Vitamin C promotes collagen formation and supports the absorption of iron, another important nutrient for hair health. Vitamin C is also an antioxidant that protects hair follicles from free radical damage.
A balanced diet rich in fruits and vegetables should normally provide adequate amounts of vitamin C. Examples of foods rich in vitamin C are citrus fruits such as oranges and grapefruits, peppers, broccoli, tomatoes, strawberries and kiwi. The recommended daily intake of vitamin C varies based on age, gender, and other factors.
Vitamin D is important for hair follicle health and a deficiency can lead to hair loss. The vitamin is primarily absorbed through sunlight, but can also be obtained through dietary supplements.
Sun exposure is the most important way to produce enough vitamin D. But many people don't have enough sunlight due to lack of time or geographical conditions. One way to meet vitamin D needs is through diet. Foods that contain vitamin D are fish such as salmon, herring and mackerel, egg yolks and fortified foods such as dairy products and fruit juices.
Vitamin E promotes blood circulation and thus the supply of nutrients to the hair follicles. It also protects the hair from damage caused by UV radiation and oxidative stress.
Good sources of vitamin E in the diet include nuts and seeds like almonds, sunflower seeds, and pine nuts, vegetable oils like olive oil and sunflower oil, green leafy vegetables, and whole grains.

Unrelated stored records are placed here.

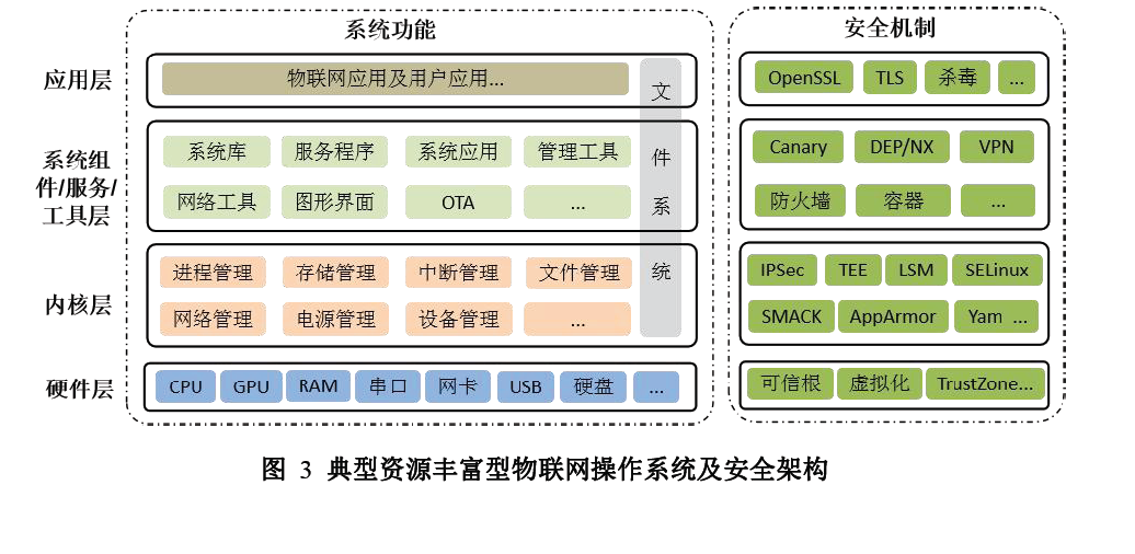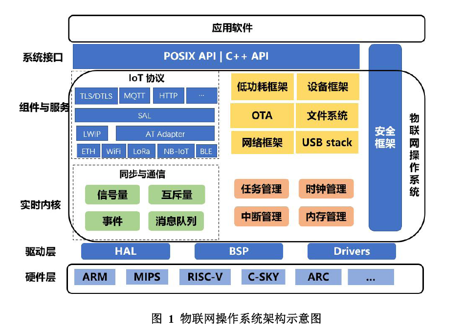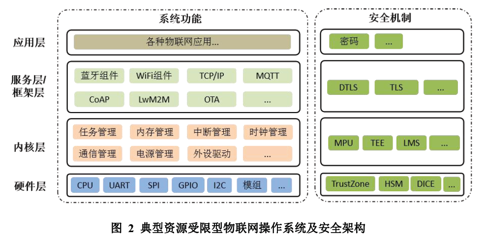 物联网操作系统是支持物联网技术大规模发展的核心基础软件,包括操作 系统内核、外围组件和服务、物联网安全框架等,以支持构成具有低功耗、安全 通信属性的物联网软件平台。物联网操作系统的内核通常具备任务管理、中断管 理、异常处理、时钟管理、存储管理、同步与通信等功能。物联网操作系统向下 协调和控制各种软件硬件资源,向上提供统一的应用编程接口,降低物联网应用 开发的复杂度、成本和时间。物联网操作系统的架构如图1 所示。由于物联网操作系统具有不同的架构和安全机制,因此在安全性、AI 支持、 实时性、资源要求等方面具有较大的差异。如工业控制的物联网操作系统必须满 足强实时性要求,而用于智能家居终端设备的物联网操作系统的实时性要求则不 高。
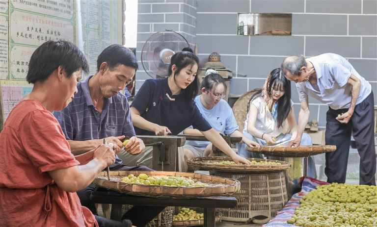 8月26日,歙县三阳镇中村村民采摘成熟的马枣,用传统技艺制作金丝琥珀蜜枣。村民选用个大、肉厚、皮薄的当地产优质马枣为原料,经过清洗、切枣、熬煮、烘干等多道工序,制成的蜜枣金丝缕缕、色如琥珀,遂称金丝琥珀蜜枣。
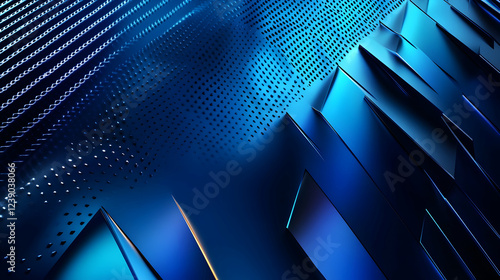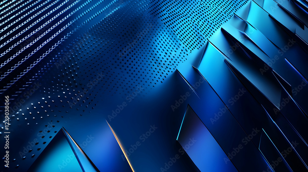 Wall mural : A vibrant blue gradient background with a metallic texture and sharp, futuristic lighting effects
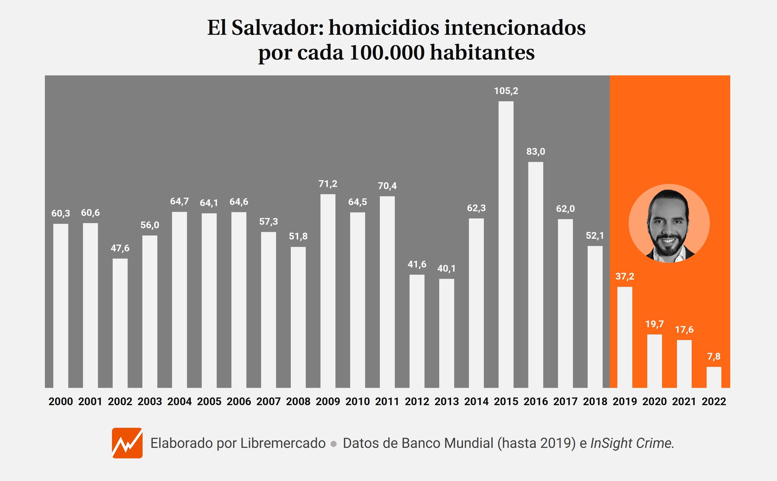 Pero, a día de hoy, la situación ha cambiado de manera muy considerable. El Salvador ya no es el país con más homicidios por habitante, ni está cerca de serlo. Su joven presidente, Nayib Bukele insiste en que el país es ahora, nada más y nada menos, que en el más seguro de su entorno. "Como todos ustedes saben, El Salvador se ha convertido en el país más seguro de América Latina", aseguraba a principios de año, siendo esta una de sus principales proclamas durante el 2023.
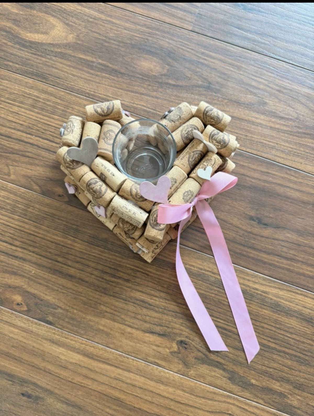 Handmade vyrobeno z korku. Uprostred misto na sklenicku se svickou ( na velikost ikea svicky). Idealni na stul.
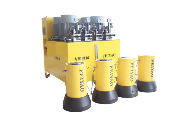 PLC多點同步頂升液壓系統(tǒng)分為5個部分:液壓泵站、PLC計算機控制系統(tǒng)、液壓系統(tǒng)、位移壓力檢測與人機界面操作系統(tǒng)。該系統(tǒng)是將液壓頂升系統(tǒng)、計算機PLC信號處理、位移監(jiān)控與橋梁結(jié)構(gòu)分析和施工技術(shù)進行集成,并在集成系統(tǒng)上進行的成套技術(shù)開發(fā)。其核心是在橋梁結(jié)構(gòu)分析與施工技術(shù)總結(jié)的基礎(chǔ)上,根據(jù)橋梁特性設(shè)計計算機PLC信號處理與液壓系統(tǒng),輸入外部監(jiān)控設(shè)施的位移信號,輸出液壓系統(tǒng)油量控制信號,利用終端多組千斤頂來達到平衡、安全與高效的橋梁頂升的目的,其頂升和降落精度誤差不超過±0.5mm,頂升載荷包括:50噸-1000噸,頂升高度為10mm到500mm。
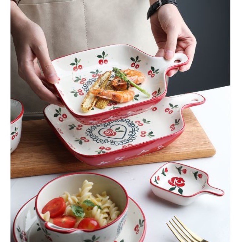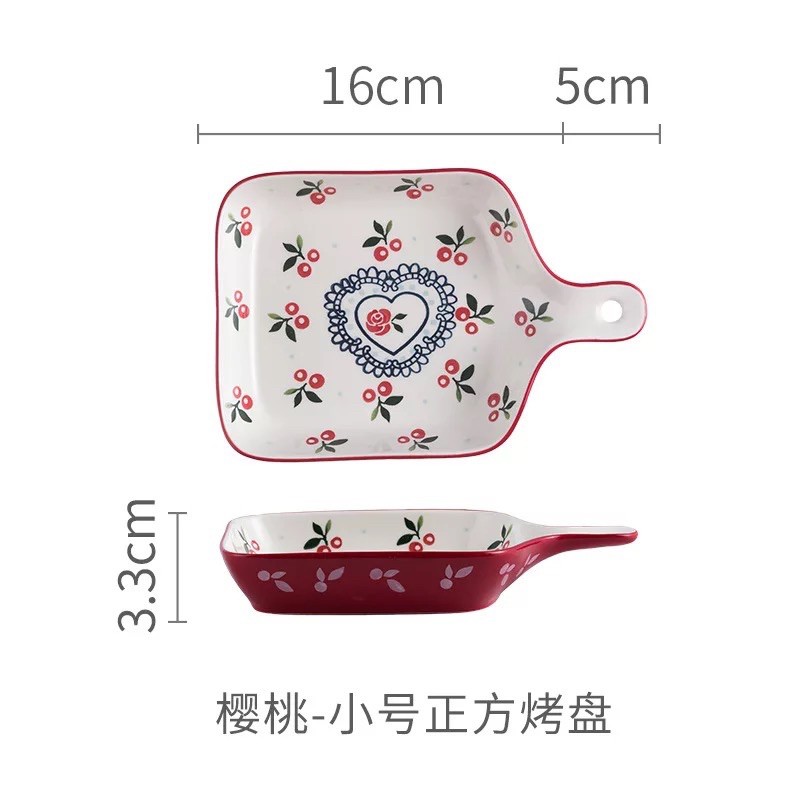 Nhà cửa & Đời sống > Bộ đồ bàn ăn > Dĩa || Đĩa sứ Cherry dáng vuông có tay cầm dài decor bàn ăn, trang trí món ănCòn hàng
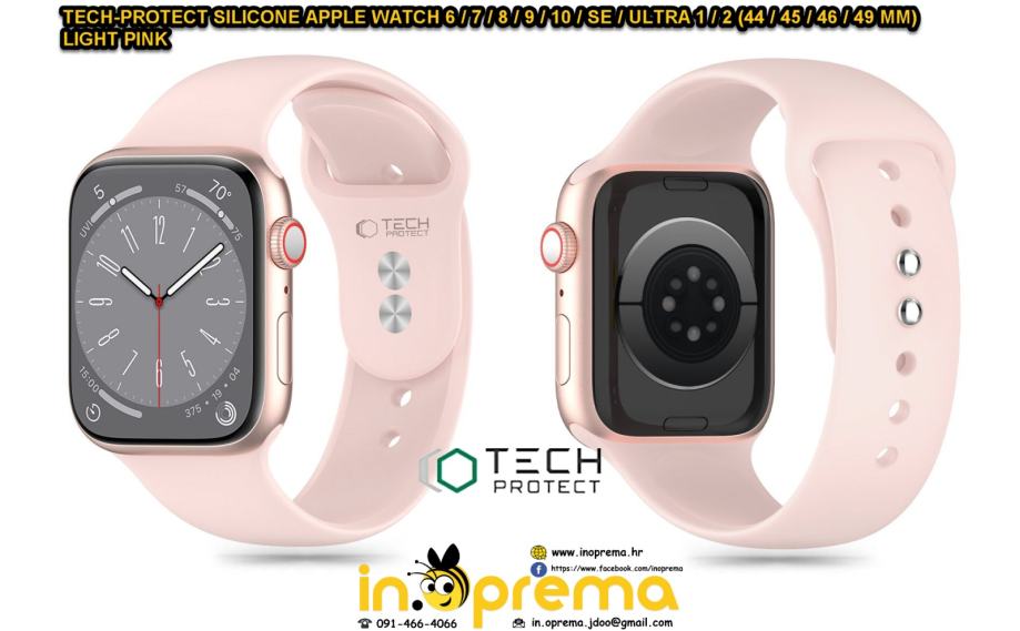 CIJENA - TECH-PROTECT SILICONE APPLE WATCH 6 / 7 / 8 / 9 / 10 / SE / ULTRA 1 / 2 (44 / 45 / 46 / 49 MM) LIGHT PINK - 11.50 EUR
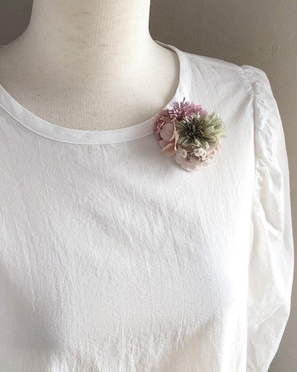 種類のちがうコットンを混ぜた表情豊かなお花をぎゅっと纏めました。柔らかい雰囲気で、いつものコーディネートをやさしく、華やかに飾ってくれそうです。
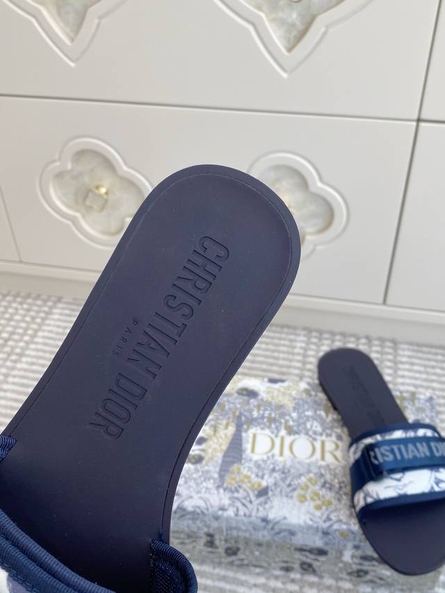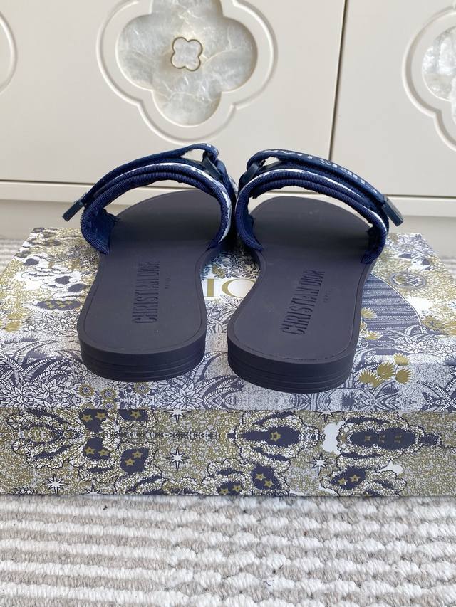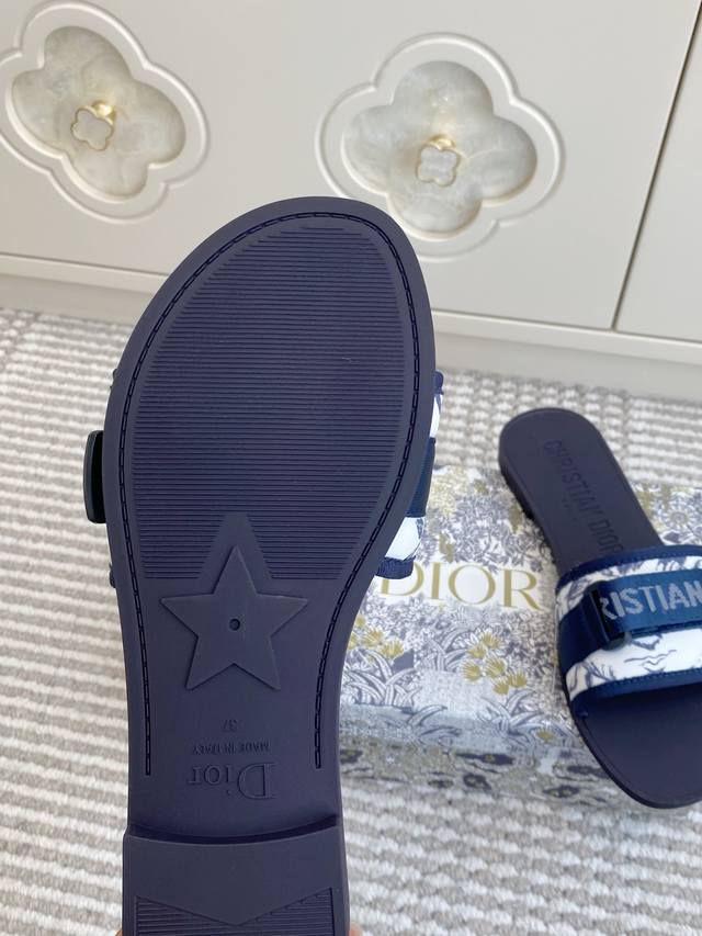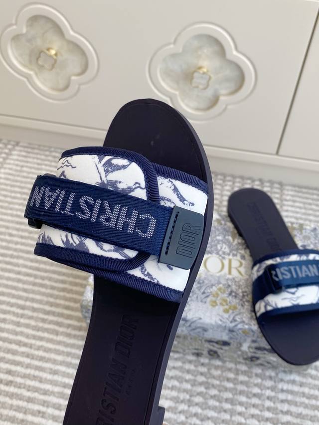 DDD Dior迪奥 经典款Evolution凉拖棉质面料魔术贴Oblique印花一字拖鞋橡胶Cd字母平底凉拖鞋 DDD 这款Dior Evolution凉拖是

Zinc is a trace element that is important for the formation of keratin and collagen. A lack of zinc can lead to hair loss and poor healing of scalp wounds.
Good dietary sources of zinc include meat, poultry, fish, seafood, nuts and seeds, whole grains, and dairy products.
Healthy hair needs a balanced diet with sufficient vitamins and minerals. A targeted supply of food supplements can be useful in the event of a deficiency.